L’Association internationale des études québécoises organise son premier colloque de jeunes chercheurs en études québécoises et comparatives dans les Amériques sur le thème « Le Québec dans les Amériques. » Le colloque se tiendra les 15 et 16 janvier 2016 à Washington, DC. Cet événement se déroulera en partie dans les locaux du prestigieux Woodrow Wilson International Center for Scholars et en partie à Georgetown University, nos institutions partenaires pour cette initiative.

À l’instar du colloque organisé par l’Association des jeunes chercheurs européens en études québécoises (AJCELQ) en Europe, cet événement offrira aux jeunes chercheurs une occasion unique de partager, toutes disciplines confondues, leurs travaux récents sur le Québec autant comme société distincte que dans ses rapports aux Amériques. Les perspectives comparatives seront évidemment bien accueillies.  Les communications pourront se faire en français ou en anglais.
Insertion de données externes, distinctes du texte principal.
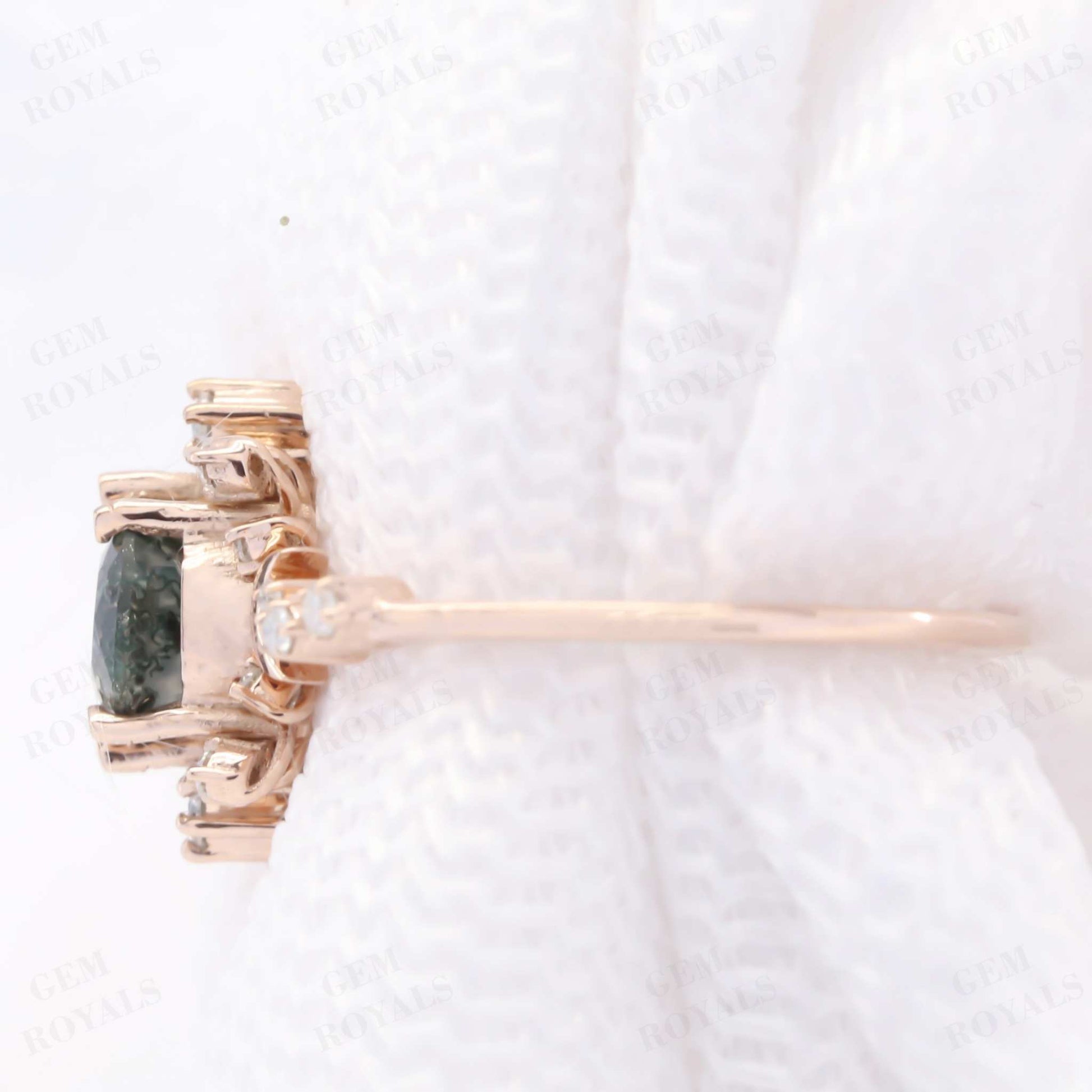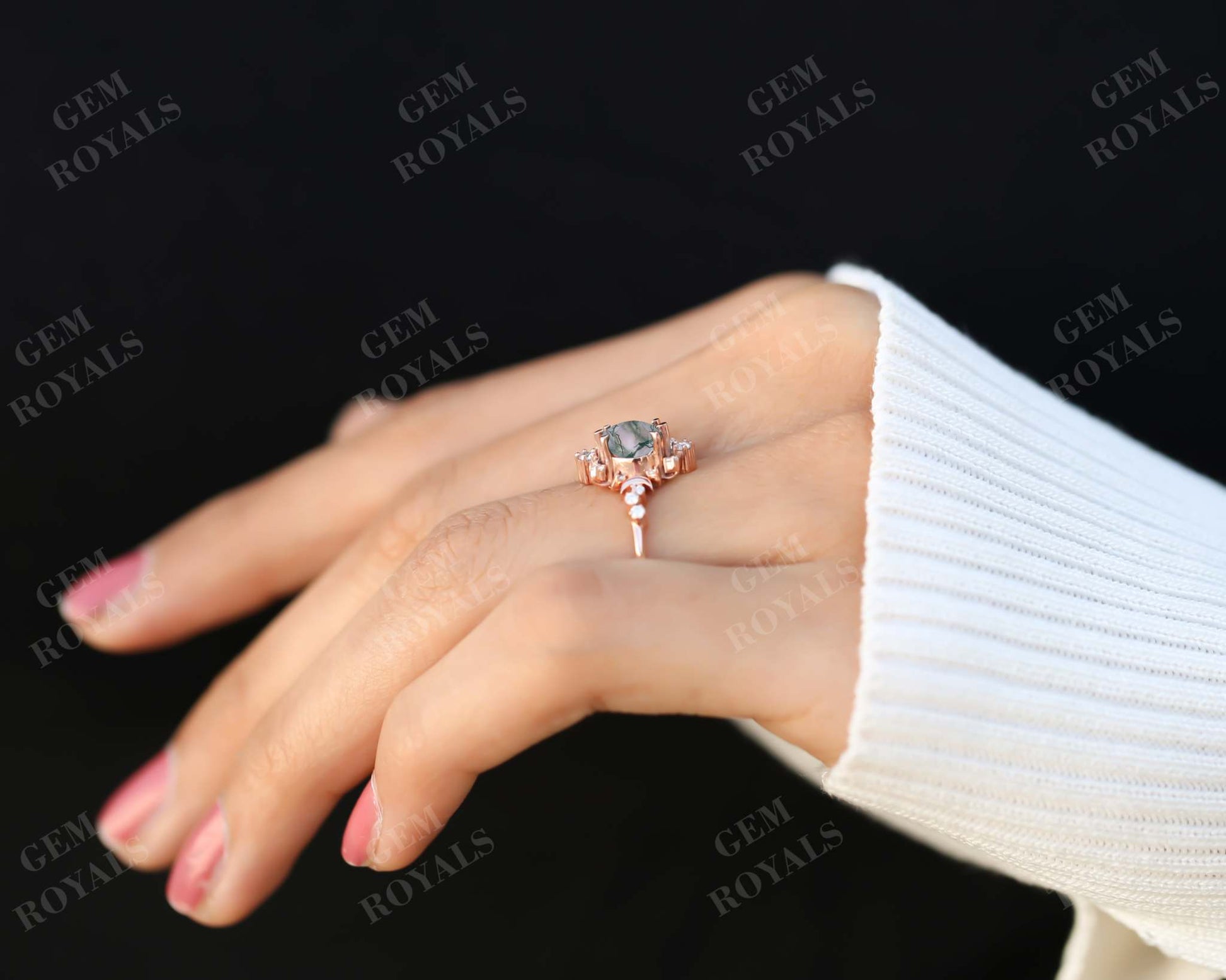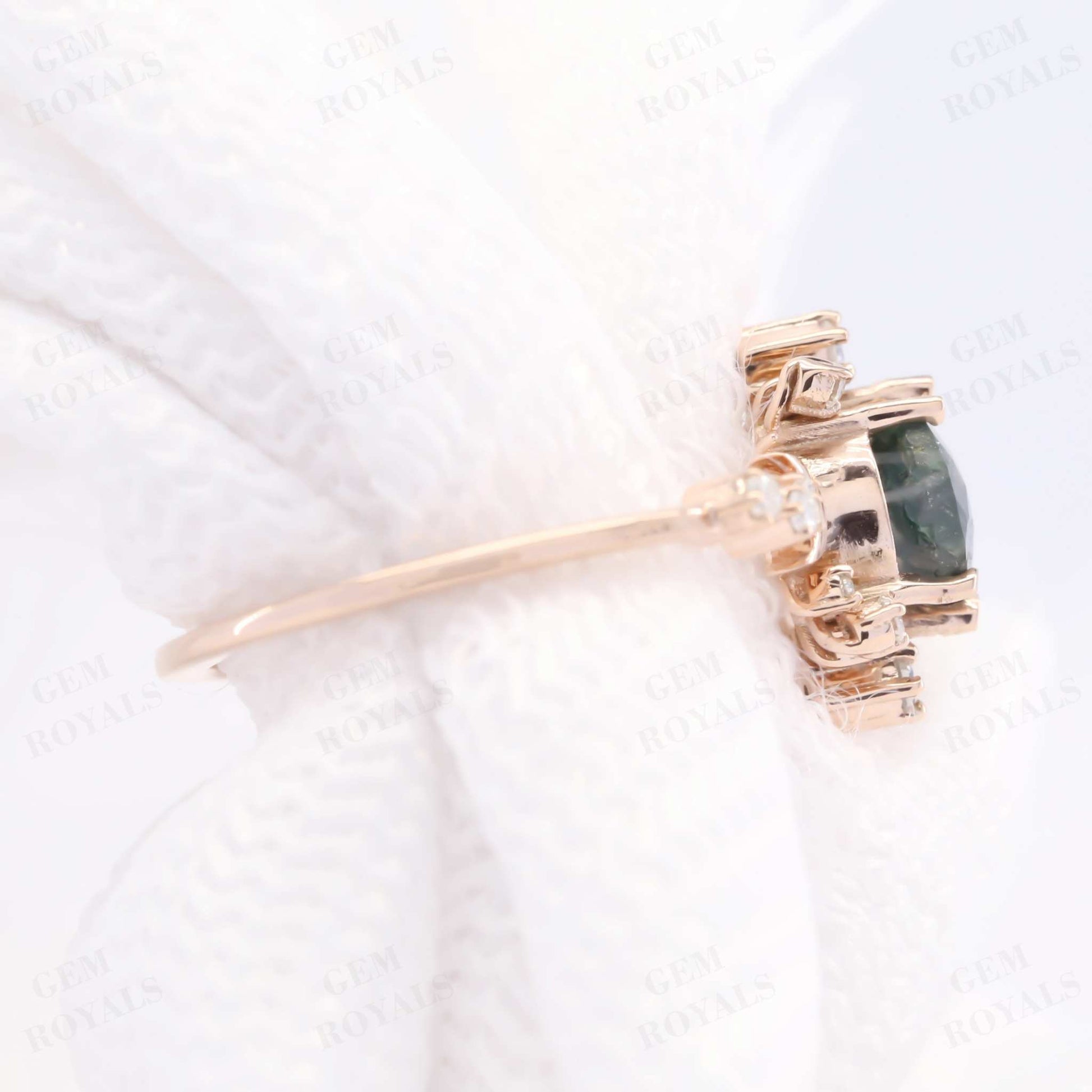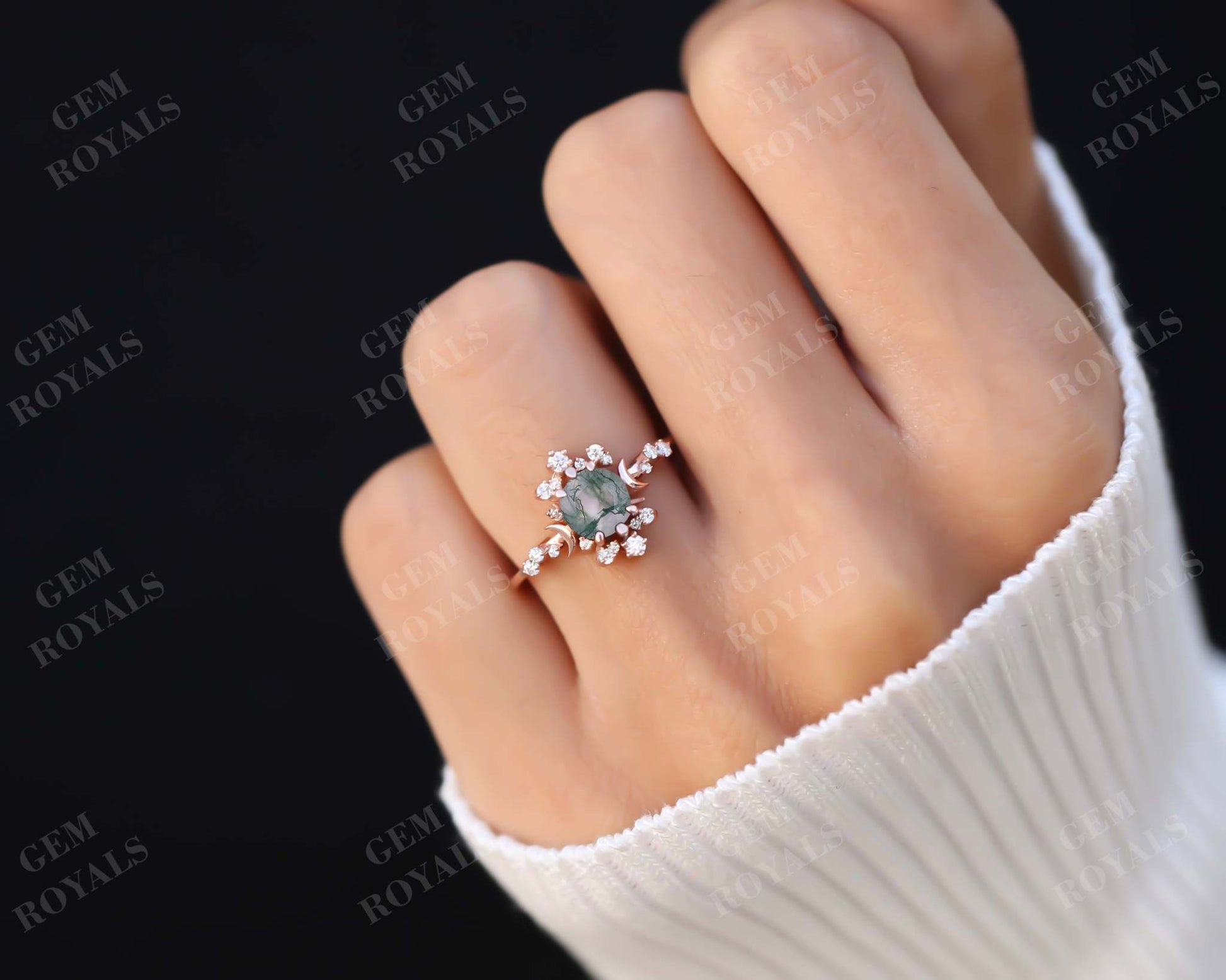 Art Deco Round Natural Green Moss Agate Engagement Ring

De 20 à 30 participants seront retenus par un jury composé de professeurs et spécialistes sur la base d’un résumé de 200 mots et d’un curriculum vitae abrégé comprenant adresse, numéro de téléphone et adresse de courrier électronique. Les candidatures doivent être soumises avant le 14 septembre 2015. La ou les meilleures communications seront admissible à une publication éventuelle dans la Revue internationale d’études canadiennes (RIEC), à la suite d’un travail de révision et de soumission, encadré par des spécialistes du jury. Le transport et les repas du midi seront pris en charge. Un hébergement à coût modique sera proposé aux participants.

Les chercheuses ou chercheurs de 3e cycle, de niveau postdoc, ou en emploi dans le milieu universitaire depuis moins de 3 ans, sont cordialement invités à soumettre leur communication avant le 14 septembre 2015, à Madame Miléna Santoro, présidente de l’AIEQ et professeure à Georgetown University, à l’adresse électronique.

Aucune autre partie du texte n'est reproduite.